Recently, I’ve done a bunch of work to clean up the cryptic crossword clue solver which I first described in an earlier post. I have simplified the code layout and added more flexibility to the solver’s interface, so it should be easier to experiment and play around with. What follows are a few examples of what the new solver can do. You can also view these examples as a rendered IPython notebook on nbviewer.org.
from pycryptics.grammar.clue_parse import generate_clues
from pycryptics.solve_clue import Constraints
from pycryptics.grammar.clue_tree import ClueUnsolvableError
Let's demonstrate what we can do with a simple cryptic clue. Here's our clue, broken up into a list of words:
phrases = 'spin broken shingle'.split()
We also have constraints on the final answer, namely that it will have 7 letters and the answer won't be any of the words which directly appear in the clue.

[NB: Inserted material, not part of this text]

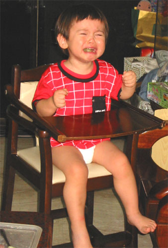3/25/04 - 唯有吃飯的哭相還是不變                      3/26/04 - 大人都跑去抗議,Luka也來應應景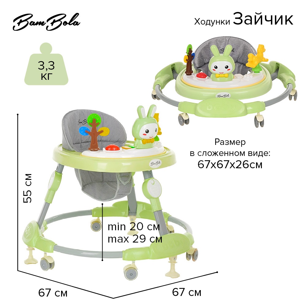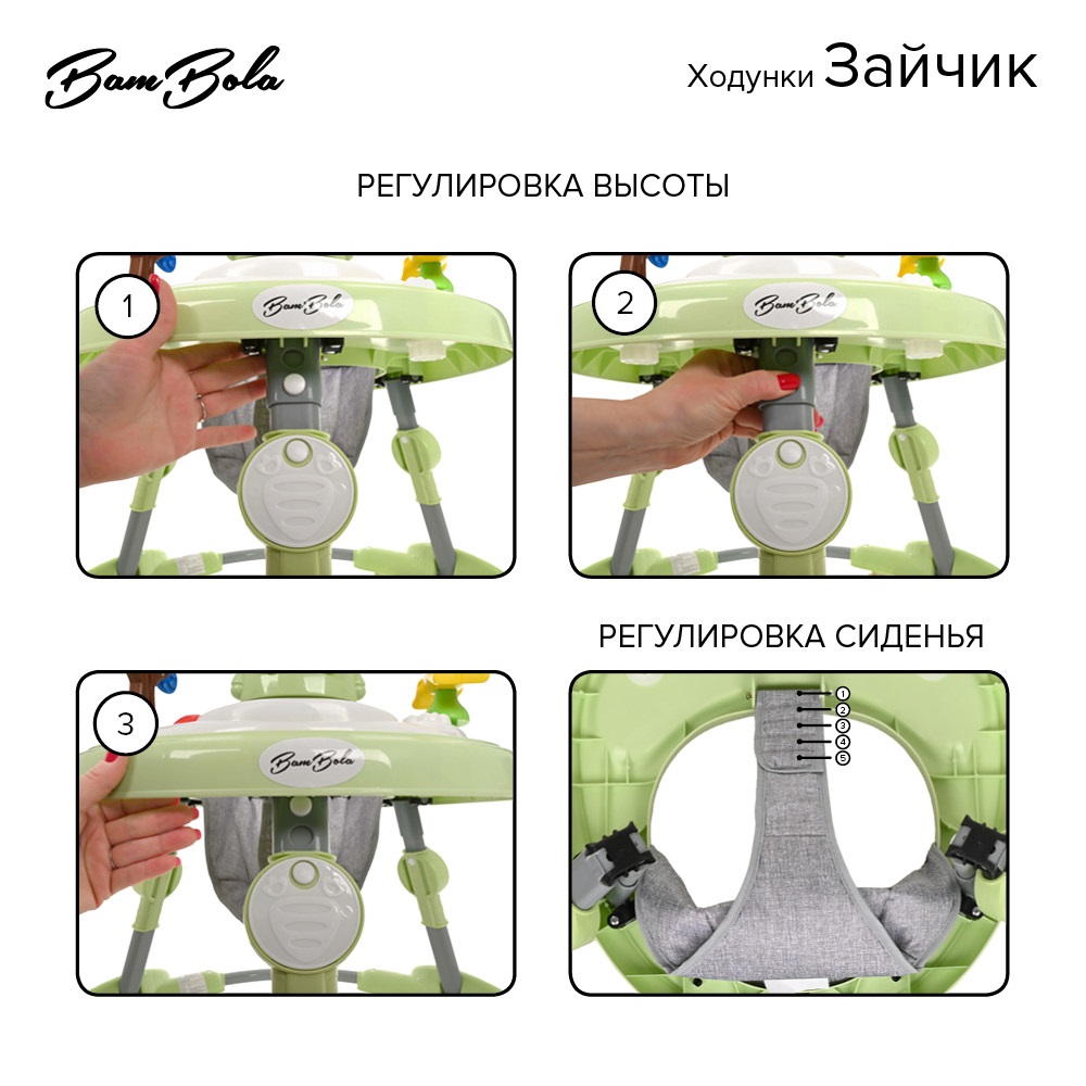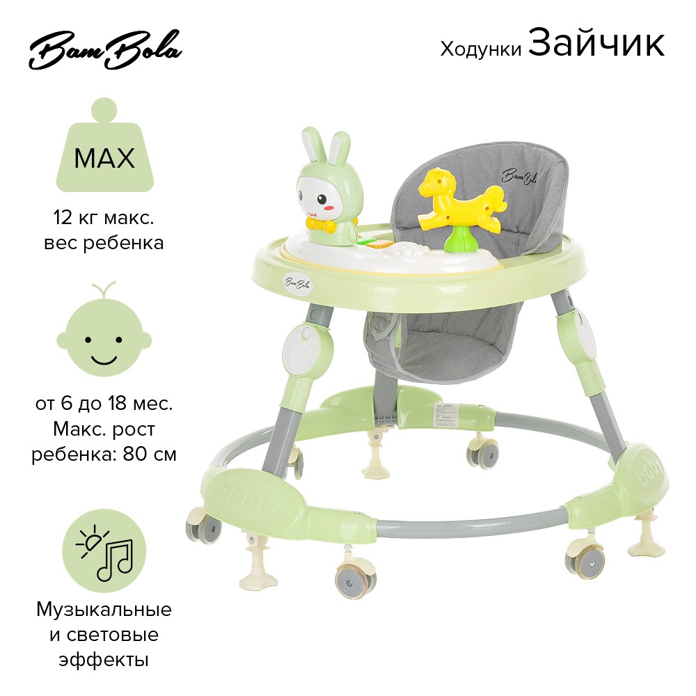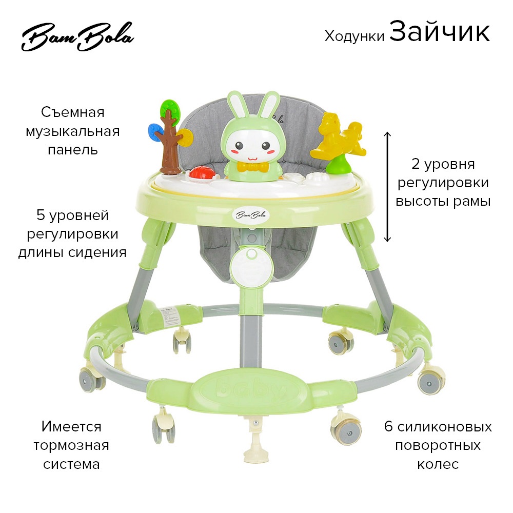 Ходунки Bambola Зайчик подготовят малыша к первым самостоятельным шагам, развивают координацию движений и помогают ребенку научиться держать равновесие. Имеют съемную музыкальную игровую панель со световыми и звуковыми эффектами. Мягкое, удобное сиденье. Ходунки легко регулируются в зависимости от роста ребенка.

con = Constraints(phrases=phrases,
lengths=(7,),
pattern='',
known_answer=None)
Now we can generate all possible clue interpretations of those phrases:
clues = generate_clues(con)
clues.sort() # sort the clues list so that we can reliably find
# specific clues for this demo. You won't need to do this.
For example, here's one interpretation:
print clues[0]
And another:
print clues[10]
Here are all the possible ways 'spin broken shingle' could be interpreted:
for c in clues:
print c
Let's try solving one of these clues:
try:
print clues[0].answers
except ClueUnsolvableError as e:
print e
That clue had no answers which matched our constraints. This raises an exception so that when we're solving a clue, any of its subparts being unsolvable will trigger the exception and let us skip out of solving the other subparts.
Let's look at the subparts of a clue. Each clue is a tree, and we can access the children of any node in the tree using the [] notation.
print clues[-1]
print clues[-1][0]
print clues[-1][0][0]
print clues[-1][0][0].answers
The .answers
property returns the clue's possible answers or raises a ClueUnsolvableException
if there are no answers. The first time a clue's .answers
is requested, it automatically calls ClueTree.solve() and caches that answer so that subsequent requests for .answers
will be instananeous.
The format of a clue's answers is a dictionary in which each key is a possible answer and the corresponding value is the answers to the children of that clue which yielded the given answer. For example, the first answer given above is 'emat', with corresponding child answers of '' and 'tame'. The ordering of these sub-answers corresponds to the ordering in the (rev (rev_ spin) (rev_arg (syn broken)))
, so the rev_
reversal marker produced an empty string ('') and the syn
synonym operator acting on 'broken' produced 'tame'. Reversing 'tame' gave the answer 'emit'.
We can also ask any clue how it got a particular answer:
print clues[-1][0][0].derivation('emat')
If it's not clear what this means, we can also ask for a human-readible derivation:
print clues[-1][0][0].long_derivation('emat')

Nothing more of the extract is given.